• **The problem**
Would you give back exactly the lines from the line with "Photo shows a" through the end of the entries below, both included, but none of the pictures?

• **Data extract**
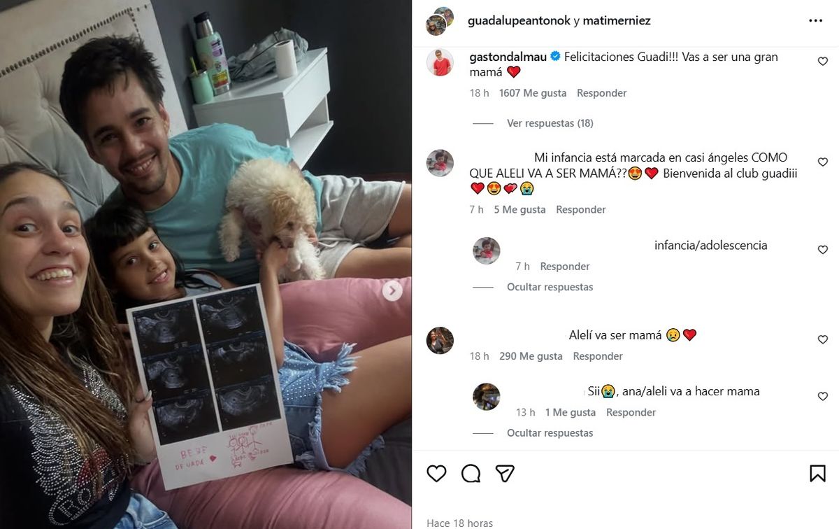 Y otro ex compañero en Casi Ángeles, Gastón Dalmau, también reflejó: "Felicitaciones Guadi! Vas a ser una gran mamá".
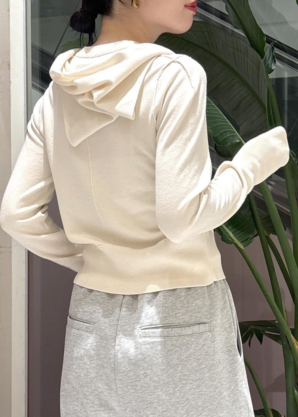 生地は薄めのニットで、肌に触れてもチクチクしにくくなってます。カシミヤ混なので見た目以上にあたたかいです◎ -
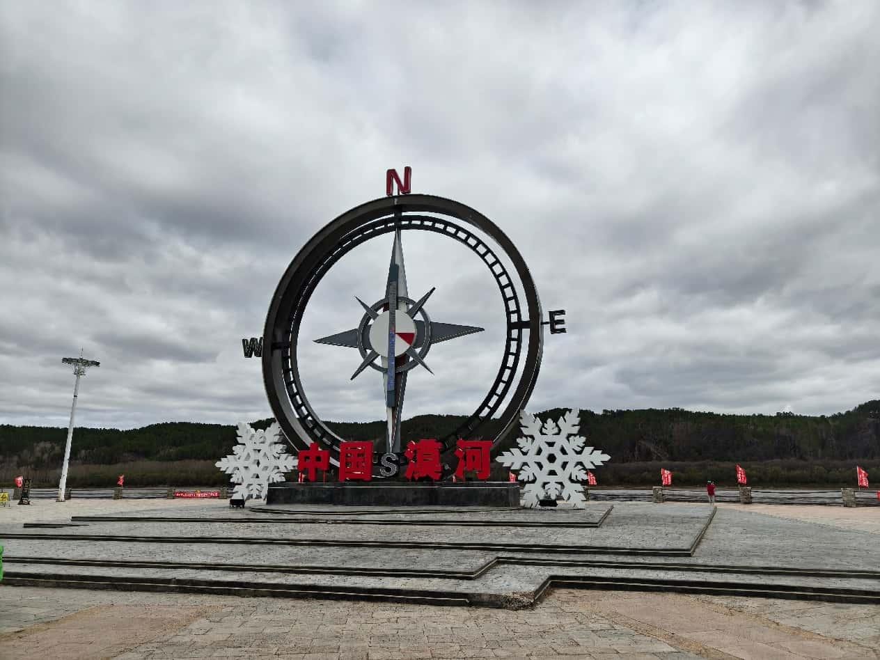 Photo shows a compass statue, a landmark of Beiji village, Mohe, northeast China's Heilongjiang province. (People's Daily/Zhou Zhou)
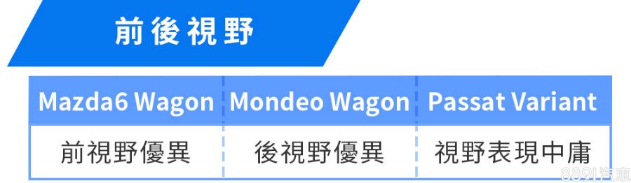 Mazda6外觀流線,但仰賴較短的中控台設計,前視野比對手優異有感;後視野則為Mondeo最好,主因在於尾窗大片之外、腰線也特別低,比同級少了近8m的距離。
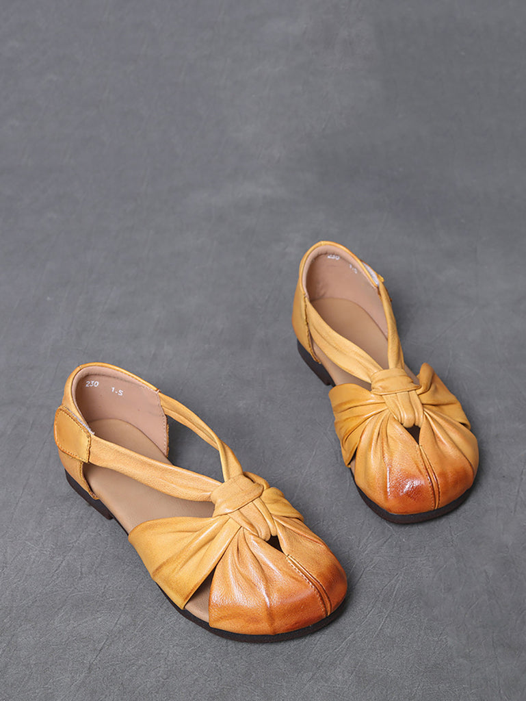 女士夏季復古真皮拼接涼鞋

• **Exercise answer**
 Photo shows a compass statue, a landmark of Beiji village, Mohe, northeast China's Heilongjiang province. (People's Daily/Zhou Zhou)
 Mazda6外觀流線,但仰賴較短的中控台設計,前視野比對手優異有感;後視野則為Mondeo最好,主因在於尾窗大片之外、腰線也特別低,比同級少了近8m的距離。
 女士夏季復古真皮拼接涼鞋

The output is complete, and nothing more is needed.